Does my frustration with Node merit switching to Elixir?

TLDR: My biggest regret was not switching to elixir sooner. I suggest following the udemy course by Stephen Grider. It’s a bit old, but it should give you enough to decide whether you want to make the leap or not.

I also came from node (nextjs + redux + mongodb + heroku) for many of the same reasons.
My current project is Elixir + phoenix + react + redux + postgres (for users) + arangodb (for graph data) + graphql inside arangodb. I don’t bother with absinthe, just send a POST request with a string.

For my own project I wanted something really performant, and the js crowd seems to think that js is performant because it’s async. But dealing with async was a huge pain my rear. Especially when you start using things like mongoose, where it uses it’s own promise library, but parts of it you can do with async/await (promises), but there’s the occasional undocumented thing in mongoose that ONLY works with old school callbacks… That lead to a great deal of frustration.

Elixir is more performant. WAY more. And its async system (processes) is WAY easier to reason about. Processes are also truly asyncronous, while the js event loop is technically just a highly optimized, yet synchronous system.
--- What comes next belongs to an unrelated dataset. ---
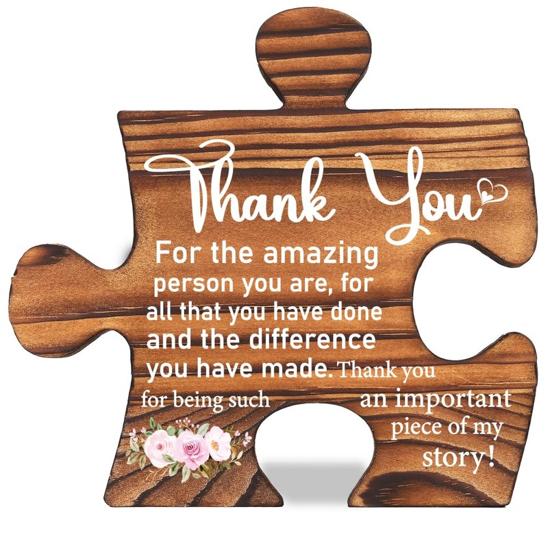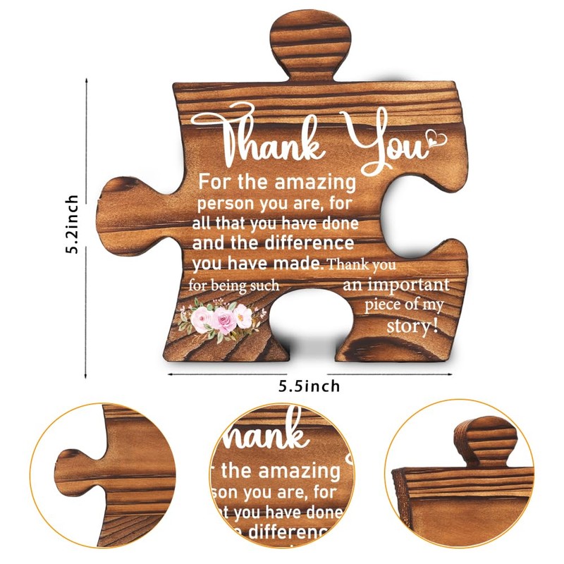 Thank You Appreciation for Women Teacher Mentor Nurse Volunteer, Christmas, Birthdays, Thanksgiving Gifts for Coworker Friend, Wooden Rustic Farmhouse Puzzle Signs Plaques VE166

Then you have immutability. I remember the time I spent days trying to figure out why my array was changing by itself. Oh, you used an Array.prototype method on a different array? Too bad!

That is not an issue in elixir.

Or how about setting things up. Expressjs is awesome because it’s so lightweight and lets you roll your own stack… but eventually I found that to be its greatest weakness. There’s several different ways to do anything in node. When you look for help, you often have to explain your whole setup, and pray that someone had the same setup with the same problem.

Elixir comes with testing. I find it better than jest, jasmine, or mocha.
Elixir has a rails-like framework (phoenix). Built in CSRF validation and sessions, ORM, and an intuitive organization of code. Of course if you really want to roll your own, that’s still easy enough.